◆ **Excerpted records**:
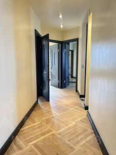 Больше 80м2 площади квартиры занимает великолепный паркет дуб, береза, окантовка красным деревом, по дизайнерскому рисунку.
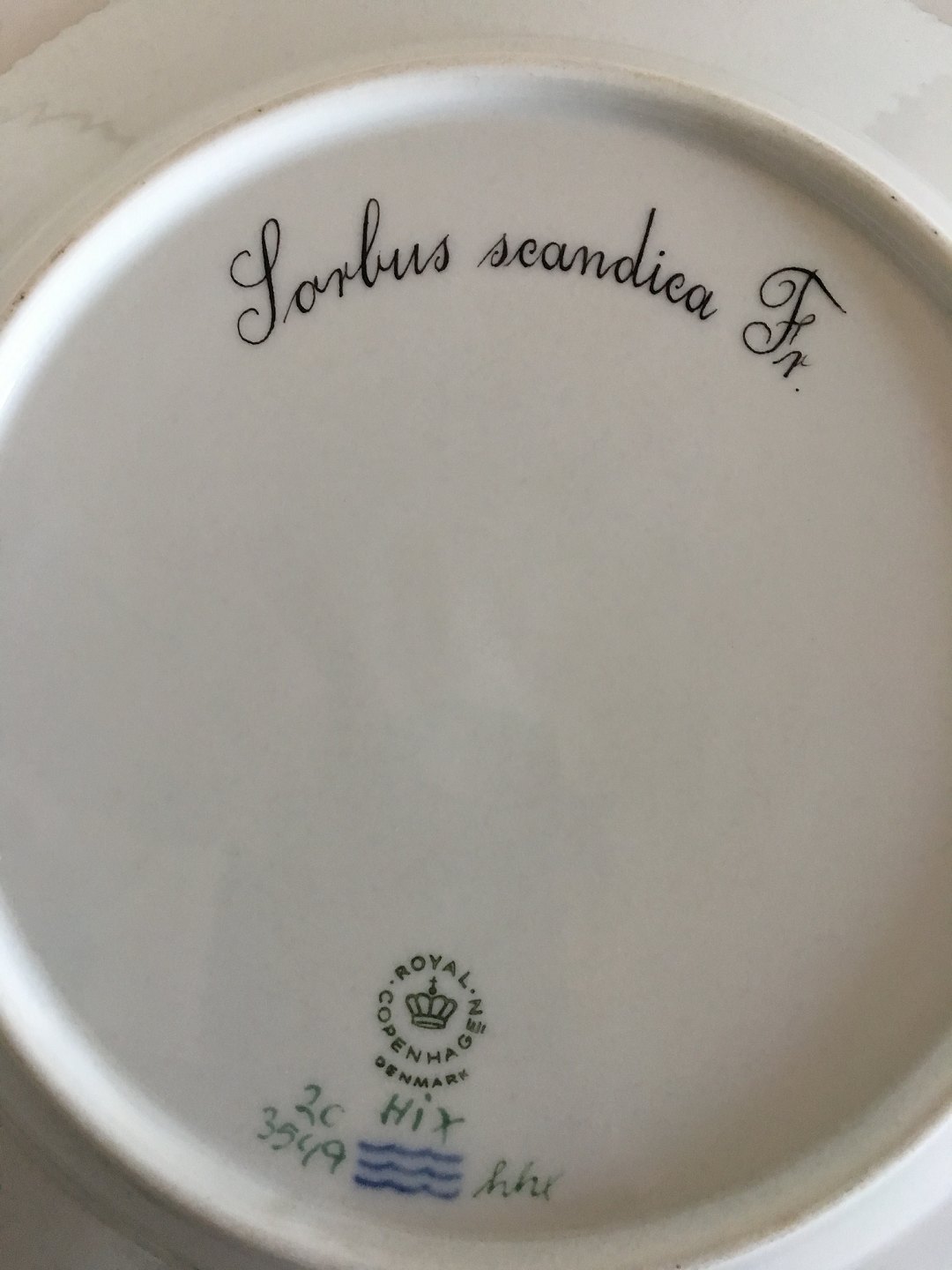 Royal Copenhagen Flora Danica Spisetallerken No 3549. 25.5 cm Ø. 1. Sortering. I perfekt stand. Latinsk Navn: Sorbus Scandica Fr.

...

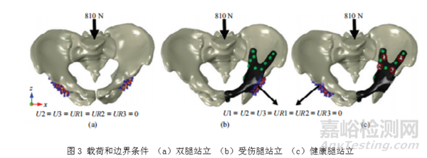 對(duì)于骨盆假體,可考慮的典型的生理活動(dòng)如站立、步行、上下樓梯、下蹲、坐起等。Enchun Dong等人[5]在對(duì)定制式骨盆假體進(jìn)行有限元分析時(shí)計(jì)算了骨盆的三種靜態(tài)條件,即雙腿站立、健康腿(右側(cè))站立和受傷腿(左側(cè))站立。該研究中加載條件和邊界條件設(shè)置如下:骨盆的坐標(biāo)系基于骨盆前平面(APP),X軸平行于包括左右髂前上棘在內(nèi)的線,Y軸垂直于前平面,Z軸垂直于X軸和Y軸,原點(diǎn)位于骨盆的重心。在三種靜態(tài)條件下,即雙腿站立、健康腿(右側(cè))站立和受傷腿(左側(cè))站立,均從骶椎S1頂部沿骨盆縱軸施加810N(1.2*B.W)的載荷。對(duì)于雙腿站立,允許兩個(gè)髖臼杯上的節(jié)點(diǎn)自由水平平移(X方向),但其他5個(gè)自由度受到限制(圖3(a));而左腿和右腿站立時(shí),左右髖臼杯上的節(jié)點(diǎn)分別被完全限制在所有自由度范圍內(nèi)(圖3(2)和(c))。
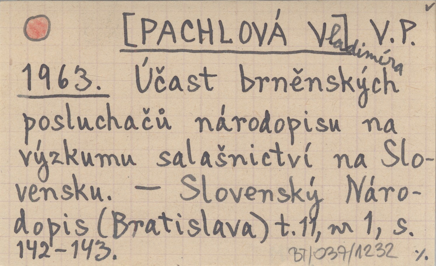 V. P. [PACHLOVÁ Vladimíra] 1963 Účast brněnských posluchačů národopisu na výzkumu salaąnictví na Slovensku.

◆ **Exercise objective**:
Leaving pictures out, output the lines of the data above from the one with "Больше 80м2 площади" through the one with "Royal Copenhagen Flora", word for word.

◆ **Written response**:
 Больше 80м2 площади квартиры занимает великолепный паркет дуб, береза, окантовка красным деревом, по дизайнерскому рисунку.
 Royal Copenhagen Flora Danica Spisetallerken No 3549. 25.5 cm Ø. 1. Sortering. I perfekt stand. Latinsk Navn: Sorbus Scandica Fr.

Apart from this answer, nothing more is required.